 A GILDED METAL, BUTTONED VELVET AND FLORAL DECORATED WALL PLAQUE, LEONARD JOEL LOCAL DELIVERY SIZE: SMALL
*****
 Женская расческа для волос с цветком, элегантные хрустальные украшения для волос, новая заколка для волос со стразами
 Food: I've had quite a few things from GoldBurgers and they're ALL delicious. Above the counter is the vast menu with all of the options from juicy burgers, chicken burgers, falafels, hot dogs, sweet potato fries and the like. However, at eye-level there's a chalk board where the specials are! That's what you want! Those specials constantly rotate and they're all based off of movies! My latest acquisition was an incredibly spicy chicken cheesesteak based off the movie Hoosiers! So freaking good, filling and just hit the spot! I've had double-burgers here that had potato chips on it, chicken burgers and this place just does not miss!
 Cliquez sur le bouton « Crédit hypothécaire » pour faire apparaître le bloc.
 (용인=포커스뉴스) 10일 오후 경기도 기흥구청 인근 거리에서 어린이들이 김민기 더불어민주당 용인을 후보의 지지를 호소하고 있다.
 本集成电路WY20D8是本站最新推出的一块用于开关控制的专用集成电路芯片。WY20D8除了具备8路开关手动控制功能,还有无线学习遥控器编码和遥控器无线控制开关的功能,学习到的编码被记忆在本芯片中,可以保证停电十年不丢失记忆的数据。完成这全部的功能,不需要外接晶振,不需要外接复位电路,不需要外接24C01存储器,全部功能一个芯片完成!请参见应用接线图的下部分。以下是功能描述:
*****
Exercise brief:
Only one stretch of the entries above is wanted: the lines from the one containing "Женская расческа для" through the one containing "(용인=포커스뉴스) 10일 오후". Please reproduce it exactly.

Answer to the problem:
 Женская расческа для волос с цветком, элегантные хрустальные украшения для волос, новая заколка для волос со стразами
 Food: I've had quite a few things from GoldBurgers and they're ALL delicious. Above the counter is the vast menu with all of the options from juicy burgers, chicken burgers, falafels, hot dogs, sweet potato fries and the like. However, at eye-level there's a chalk board where the specials are! That's what you want! Those specials constantly rotate and they're all based off of movies! My latest acquisition was an incredibly spicy chicken cheesesteak based off the movie Hoosiers! So freaking good, filling and just hit the spot! I've had double-burgers here that had potato chips on it, chicken burgers and this place just does not miss!
 Cliquez sur le bouton « Crédit hypothécaire » pour faire apparaître le bloc.
 (용인=포커스뉴스) 10일 오후 경기도 기흥구청 인근 거리에서 어린이들이 김민기 더불어민주당 용인을 후보의 지지를 호소하고 있다.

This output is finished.